Why such an extreme contrast of destiny to kids of same age group? Is it just because one is born to a well-to-do family and the other to seasoned beggars?

Though these kids are born to destitute parents and are compelled to beg at such a tender age, our Government or We as human can not ensure a better childhood to them. Can’t the Police prevent these parents from forcing their kids into begging? Can’t we ensure them the minimal needs of their childhood? Though dwellers of blue tents are born with pitiful fates, can Government or we as fellow citizens of the same country bring some better viable accommodation to those people for whom winter is nothing but a curse and the New Year is nothing but just another day to survive.

I wish I won’t see such dismal and disheartening conditions of our kids at traffic signals on next new year.

This article is written by Kunal Thakur. He is working as a Senior Software Engineer in Tata Consultancy Services (TCS).



7
  • 1

    Nicely described, well written article. It is true on one hand we have ambanis, birla and tata and on the other we have millions of poor people who don’t have even food to eat.

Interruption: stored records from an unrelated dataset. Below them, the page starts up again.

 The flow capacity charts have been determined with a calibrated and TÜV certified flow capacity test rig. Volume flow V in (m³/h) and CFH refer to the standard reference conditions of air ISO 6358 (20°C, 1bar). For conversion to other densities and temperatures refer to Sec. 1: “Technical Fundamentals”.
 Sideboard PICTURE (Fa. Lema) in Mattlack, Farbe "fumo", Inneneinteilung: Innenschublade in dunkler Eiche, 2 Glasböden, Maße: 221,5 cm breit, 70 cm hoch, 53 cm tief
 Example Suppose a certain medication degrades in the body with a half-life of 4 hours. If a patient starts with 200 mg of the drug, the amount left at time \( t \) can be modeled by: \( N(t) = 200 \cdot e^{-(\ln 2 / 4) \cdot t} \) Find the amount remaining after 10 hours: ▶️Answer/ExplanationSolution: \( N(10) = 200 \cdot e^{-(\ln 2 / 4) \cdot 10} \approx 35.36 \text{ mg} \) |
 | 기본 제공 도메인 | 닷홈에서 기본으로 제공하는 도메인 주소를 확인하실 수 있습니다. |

    Rajpurohit on July 15th, 2010
  • 2

    Hi Kunal,

    I loved the way you described the whole incident. This economic disparity is widening due to the Government policies which aim at making rich richer and poor poorer. Can our rich leaders, ministers, industrialists, Government officers, techies working in MNCs distribute 1 % of their wealth to the poor people of India.

    Suchit on July 19th, 2010
  • 3

    I really liked this article. I have thought of doing somthing for our people but did not tried to for it. After reading this article I will try to implement not only thinking.

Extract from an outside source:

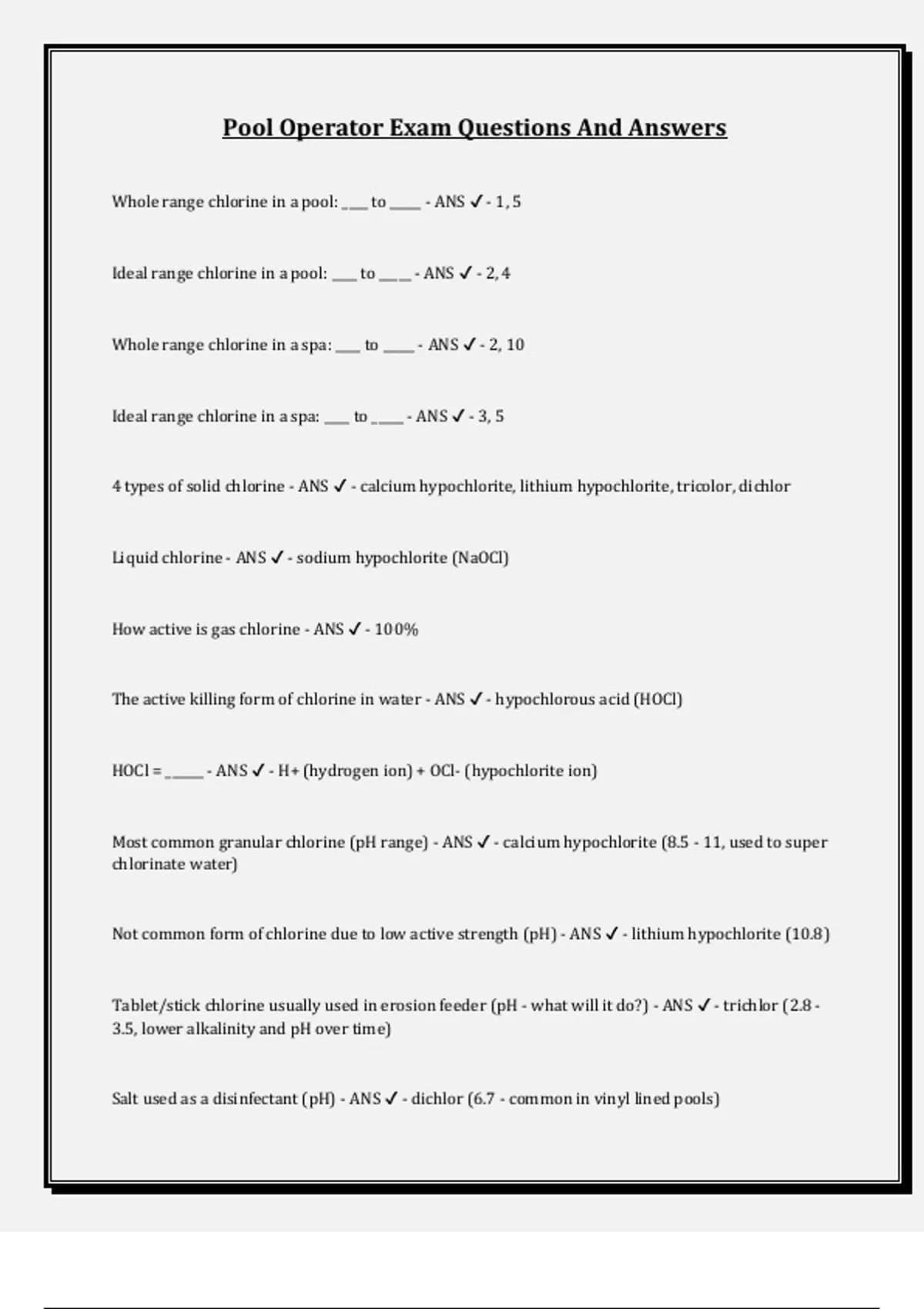 Whole range chlorine in a pool: ____ to _____ - ANS ✔ - 1, 5

    Abhinav Dipta on July 22nd, 2010
  • 4

    Corruption, High Population and poverty are some of the main reasons behind Economic Disparities in India. Anyways, it was a nice read.

    Aravind on July 23rd, 2010
  • 5

    We see all these in delhi roads everyday.. either in midnight of winter or in midday of summer.. but never gets time from our daily routine day to think about them. Kunal it is really a touching artical and well described, which may lead many to think and do something for them.

    Jai Ranjan Kumar on November 6th, 2010
  • 6

    Hi Kunal,
    I must admit, this must have been a terrible experience for you but I would like to point out a few things. First, it’s not a question of child care because in my opinion those parents themselves aren’t in any better condition. They love their kids as much as we do. The difference comes when it becomes the dilemma of starving to death vs fighting for their survival. Everybody knows that if they themselves start to beg on streets, it won’t be of much help to them because truth be told, we are less sensitive to the problems of adults. So, in my opinion, this is a question of their pathetic condition. No matter how hard we try, we can not get rid of this kind of poverty. It’s a developing nation.. but this doesn’t mean their condition can not be improved. An organized non-govt. effort is needed. Till then, we can always help them out by giving them warm clothes which we don’t use anymore. I remember doing these in my college.

    Chandan on December 25th, 2010
  • 7

    Hi Chandan,

    I appreciate your views. But such parents should put some control on population growth. I have seen such destitutes parents having more than 4-5 kids. And they just wait for their kids to grow enough to feed them. Inspite of enjoying good health, they find begging an instant and easier relief from hunger.
    But My point is to encourage people to give attention to their plight and contribute in any ways.